Embers

Aug 10  |  Steven Lemprière

Two billion, five hundred and eighty-seven million, five hundred and ninety-three thousand, six hundred and fifteen seconds after he first saw the light of day, Alvin McKenna died. A flame quenched twenty-three hours, fifty-nine minutes and forty-five seconds before he turned eighty-two.

Fire had played a pivotal role in Alvin’s life. His surname, in its pre-anglicised Gaelic form, translated as ‘Born of Fire’, and then there was the matter of his family’s livelihood. A local steel mill’s furnaces had nourished several generations, putting food on the table since his great-grandfather’s time. But it had also robbed him of what was most dear to him. A night shift, long ago, when Alvin was a much younger man, had seen him called home from work to witness a different blaze.

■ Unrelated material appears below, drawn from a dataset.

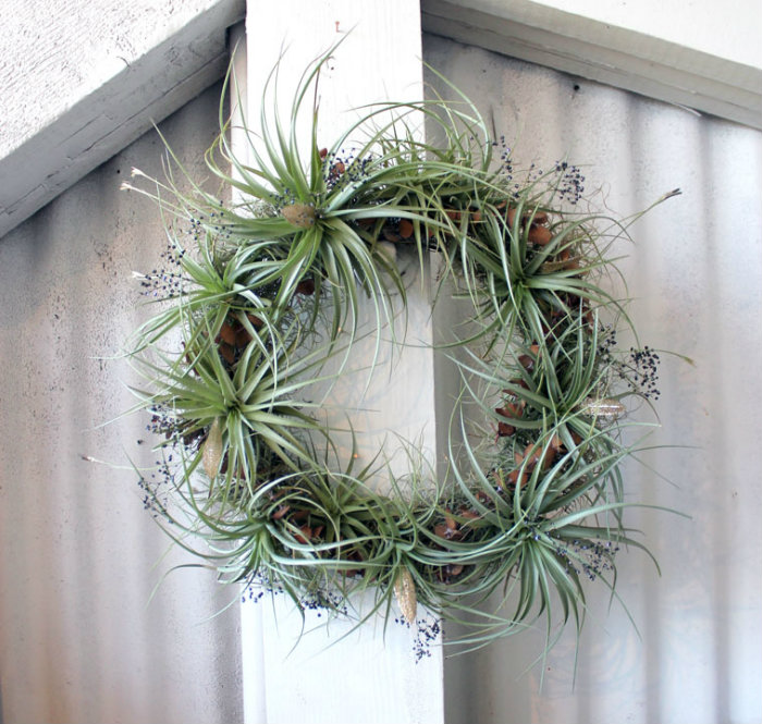 Ο πιο DIY καλλιτεχνικά όμορφος τρόπος για διακόσμηση με αερόφυτα. Ουσιαστικά πρόκειται για «ζωντανό» στεφάνι καθώς εκτός από τα αερόφυτα, μπορείς να κρεμάσεις βρύα, κουκουνάρια ή οτιδήποτε άλλο μπορεί να επιβιώσει εκτός χώματος ή αντέχει.
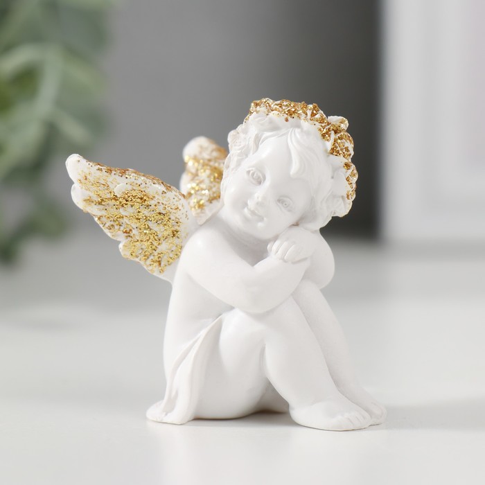 Сувенир полистоун "Ангелочек с головой на коленках сидит" белый с золотом 4,5х3,2х4,5 см

One that engulfed his home and stole both his wife and the infant she was carrying. He never remarried.

Looking back, something Alvin had been doing a lot of recently, he’d recalled round the table tales of his childhood—some he suspected to be taller than the limited stature of most of his relatives—of family members back in Ireland, characters who lived to a ripe old age. From what he remembered, many reached their nineties, but today, there was no one left, of any age, to light a birthday cake’s candles. Besides, he hadn’t the energy, or this late in the day, the appetite to extinguish them. He was tired. Tired of being the last in the line. A widower. Of losing the opportunity at fatherhood, of not hearing a small child greet him as grandad. Exhausted from being the last repository of his family’s memories.

Alvin saw no point in dragging it out any longer. He’d lost the will to live, and with that, took his last breath.